From: Statistical analysis of high-dimensional biomedical data: a gentle introduction to analytical goals, common approaches and challenges

Variable filtering

 Variable filtering is typically accomplished by calculation of a score for each variable, followed by exclusion of variables having a score below a threshold from further analyses. Modelling or multiple testing procedures can then be applied only to the resulting variable set. However, in order to preserve the correct error control in multiple testing, it is crucial that the filtering is independent of the test statistics that will be used to analyze the filtered data [52]. This is generally accomplished using “nonspecific” filters, where the filtering does not depend on the outcome data. For example, when comparing groups using two-sample t-tests, first removing the variables that exhibit a small difference in the mean values of the classes and then applying the multiple testing corrections to the remaining variables leads to greatly inflated type I errors and overoptimistic multiplicity adjusted p-values.
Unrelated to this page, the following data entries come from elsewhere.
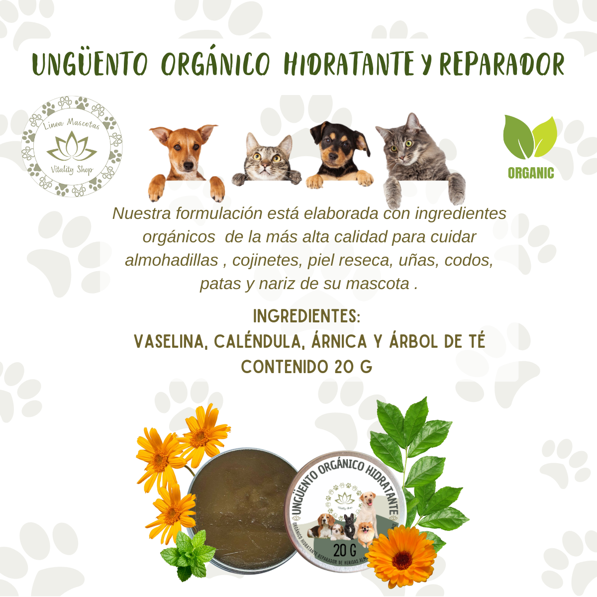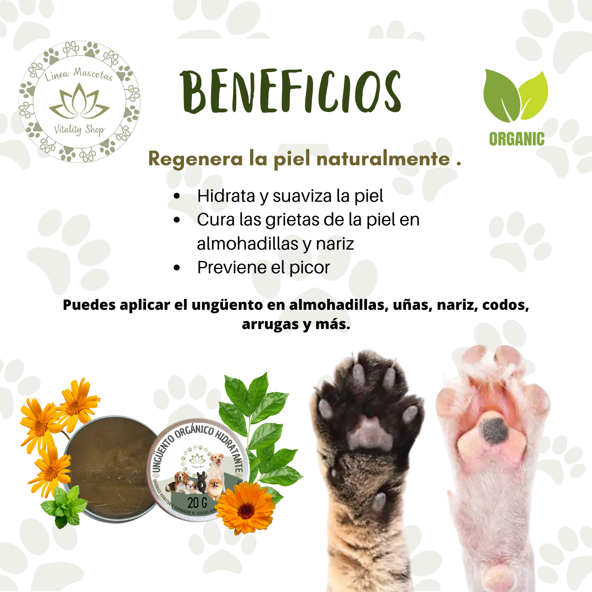 Nuestra formulación está elaborada con ingredientes orgánicos de la más alta calidad para cuidar almohadillas, cojinetes, piel reseca, uñas, codos, patas y nariz de su mascota.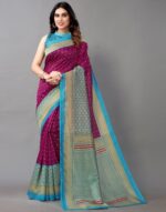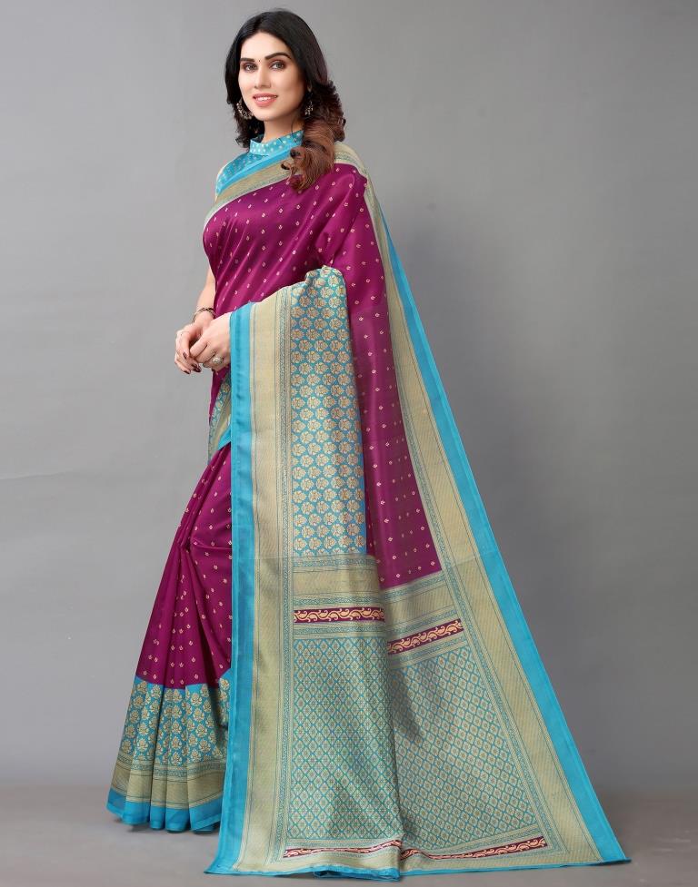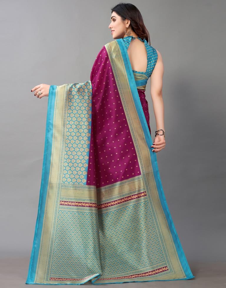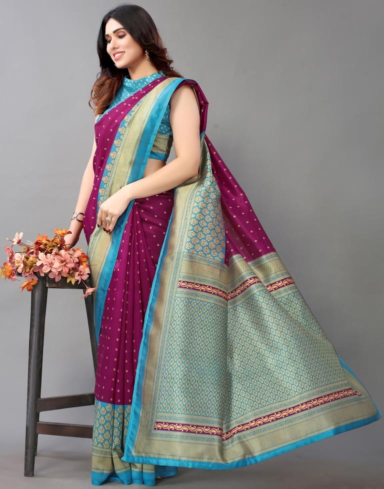 Magenta And Beige Silk Saree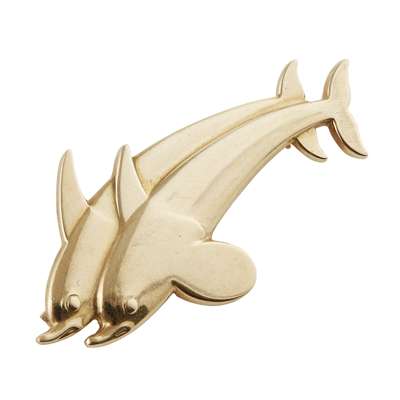 designed as two leaping dolphins, stamped maker's marks GEORG JENSEN/ 750 18K/ 1317, with import marks for London, 1964

In contrast, type I error is correctly controlled if the filter is based on the overall variance or mean of the variables (combined across both groups), filtering out the variables with small overall variability or low overall expression [52,53,54]. Although computationally helpful, filtering that does not inflate errors also does not necessarily increase statistical power; for example, Bourgon et al. [52] showed an example for Affymetrix gene expression data, where filtering out a large proportion of the genes with low expression actually decreased the number of true discoveries

 Variable filtering is implicitly performed also by some methods that can be used in regression modelling. These methods include Lasso, which will be discussed in the context of prediction modelling in section “PRED: Prediction.”